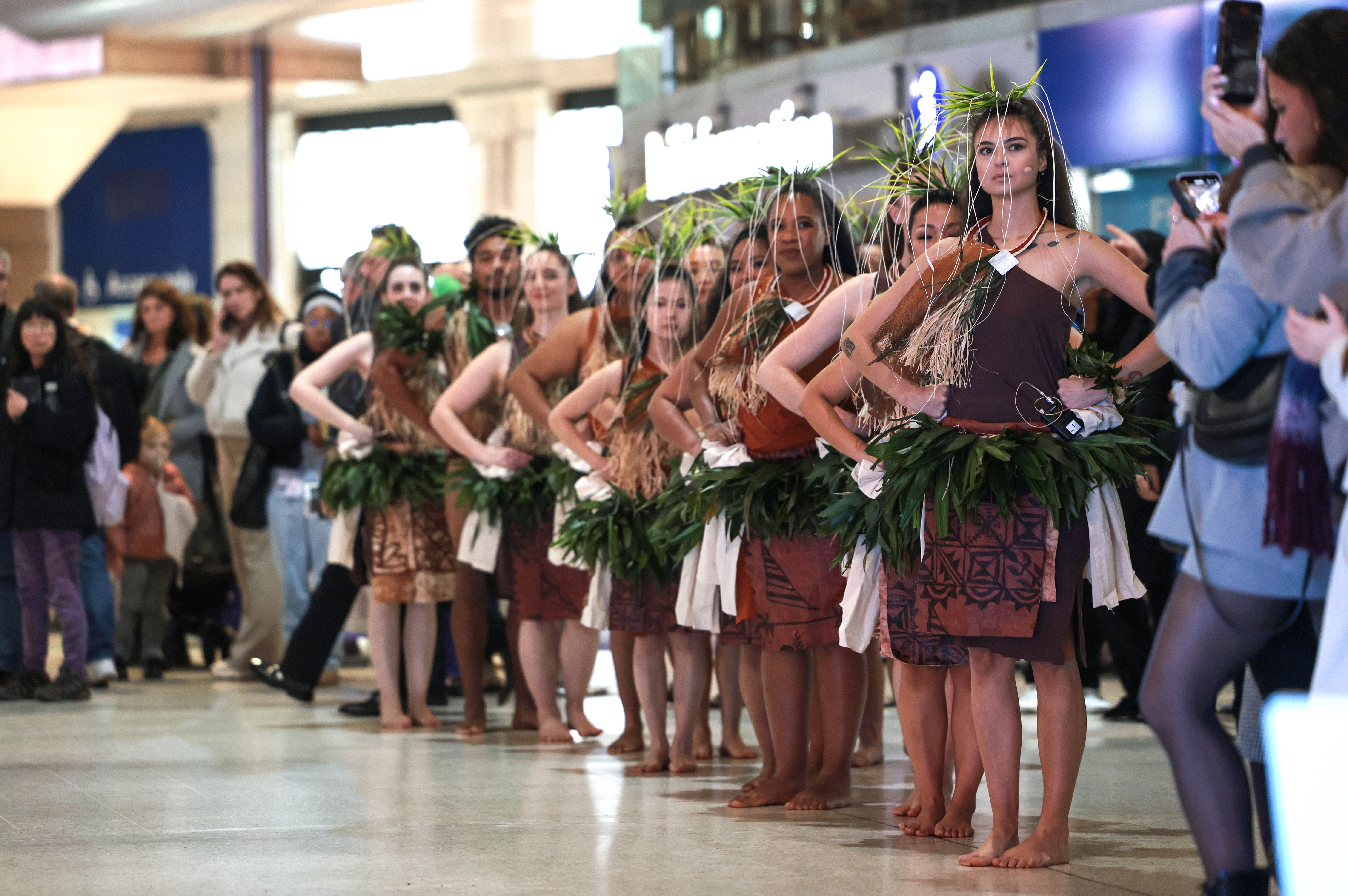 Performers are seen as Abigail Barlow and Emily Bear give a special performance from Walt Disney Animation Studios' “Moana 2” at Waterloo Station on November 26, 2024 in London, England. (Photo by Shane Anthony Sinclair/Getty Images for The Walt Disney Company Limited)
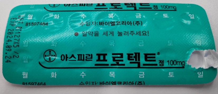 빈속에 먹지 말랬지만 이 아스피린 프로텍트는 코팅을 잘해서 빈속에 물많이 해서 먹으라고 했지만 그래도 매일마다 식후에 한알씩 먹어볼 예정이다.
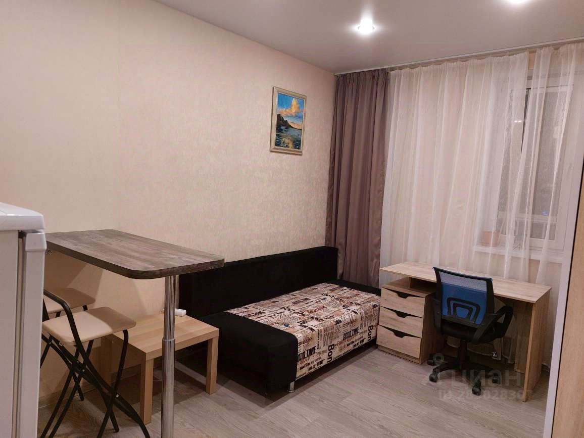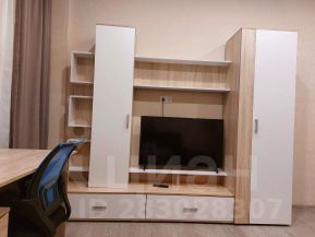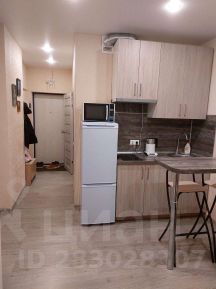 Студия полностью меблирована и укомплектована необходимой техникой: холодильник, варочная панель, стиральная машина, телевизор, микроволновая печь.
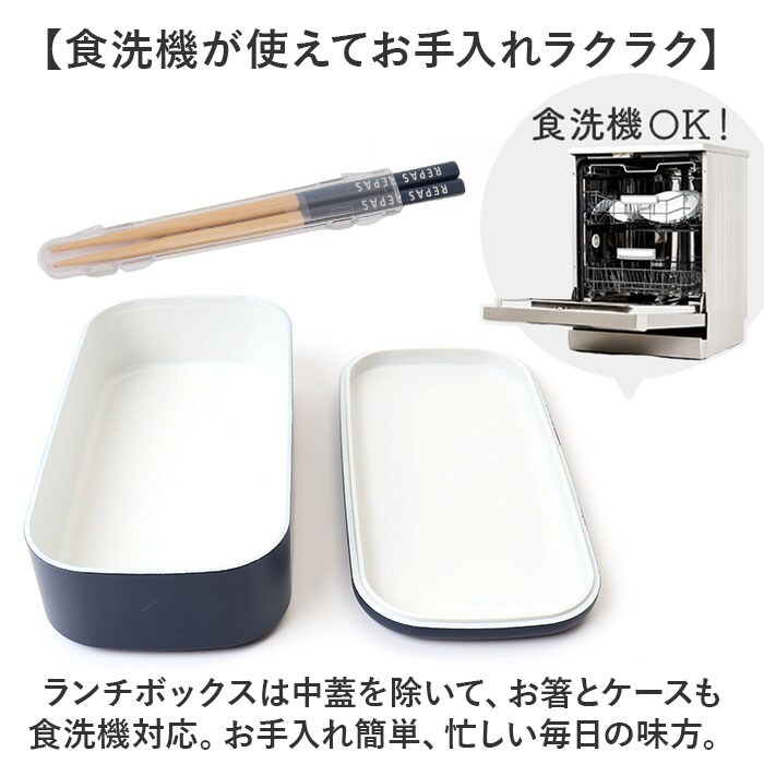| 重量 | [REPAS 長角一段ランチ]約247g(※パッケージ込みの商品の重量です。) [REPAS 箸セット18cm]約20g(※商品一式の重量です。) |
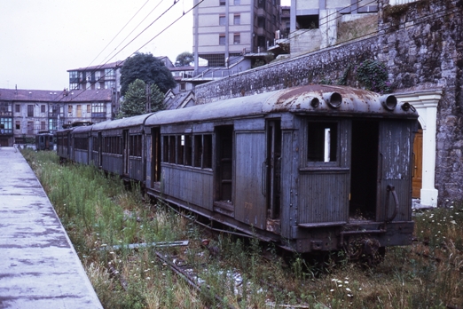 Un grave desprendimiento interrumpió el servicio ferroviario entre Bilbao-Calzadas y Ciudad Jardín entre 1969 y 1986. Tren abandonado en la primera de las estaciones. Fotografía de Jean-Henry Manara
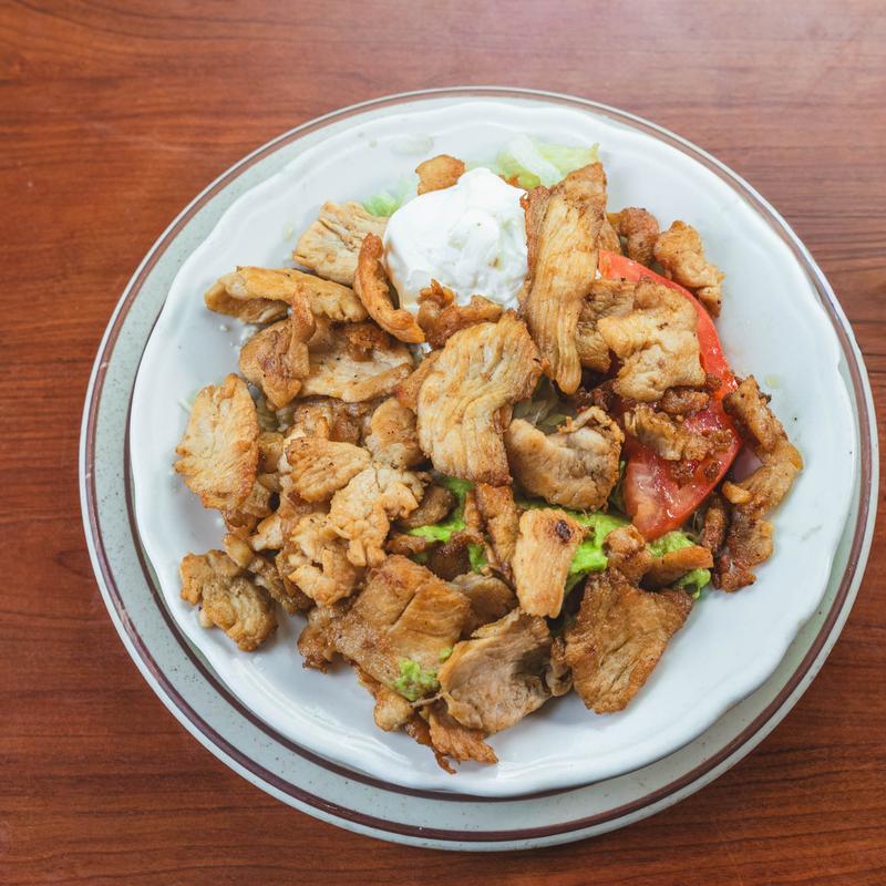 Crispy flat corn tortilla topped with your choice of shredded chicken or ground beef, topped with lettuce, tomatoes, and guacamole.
==
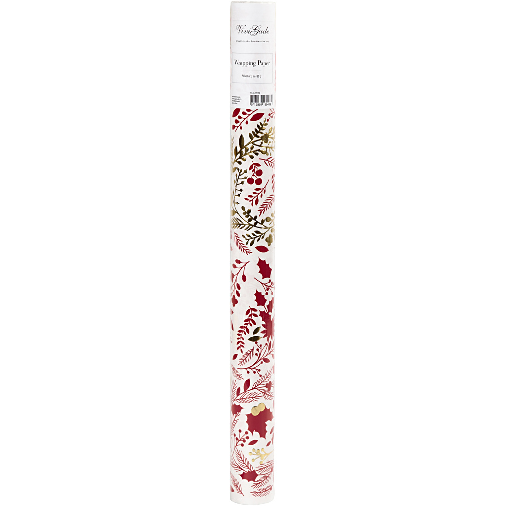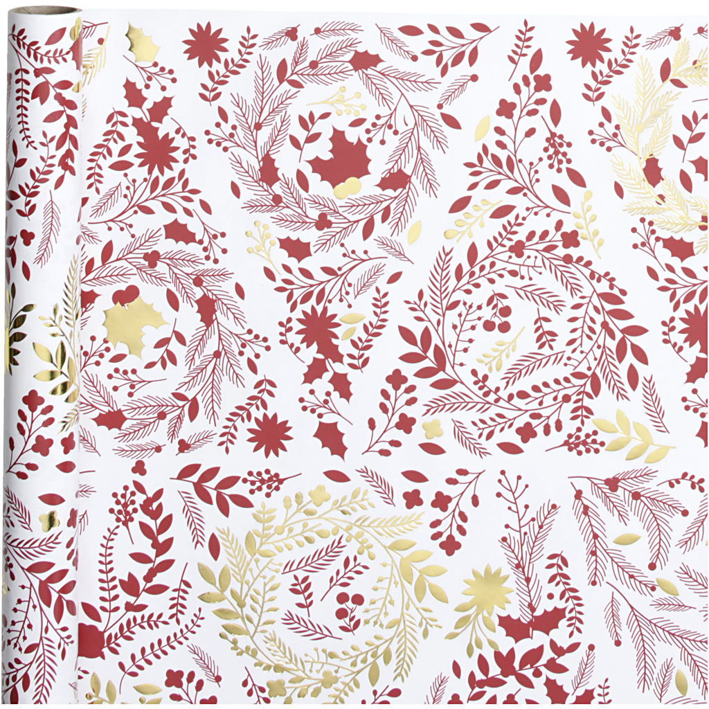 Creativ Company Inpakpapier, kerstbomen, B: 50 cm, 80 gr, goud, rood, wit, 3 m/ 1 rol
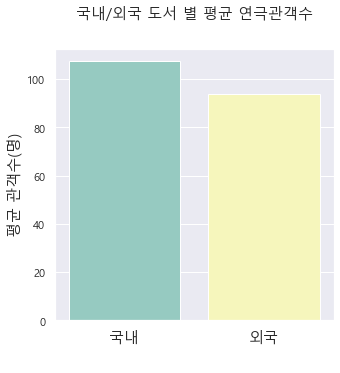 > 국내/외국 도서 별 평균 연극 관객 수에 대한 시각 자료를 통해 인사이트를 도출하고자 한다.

#### Directions for this task
Please set down, exactly and with no pictures, the lines in the entries above starting at the one holding "Студия полностью меблирована" and ending at the one holding "Crispy flat corn", ends included.

#### Written solution
 Студия полностью меблирована и укомплектована необходимой техникой: холодильник, варочная панель, стиральная машина, телевизор, микроволновая печь.
| 重量 | [REPAS 長角一段ランチ]約247g(※パッケージ込みの商品の重量です。) [REPAS 箸セット18cm]約20g(※商品一式の重量です。) |
 Un grave desprendimiento interrumpió el servicio ferroviario entre Bilbao-Calzadas y Ciudad Jardín entre 1969 y 1986. Tren abandonado en la primera de las estaciones. Fotografía de Jean-Henry Manara
 Crispy flat corn tortilla topped with your choice of shredded chicken or ground beef, topped with lettuce, tomatoes, and guacamole.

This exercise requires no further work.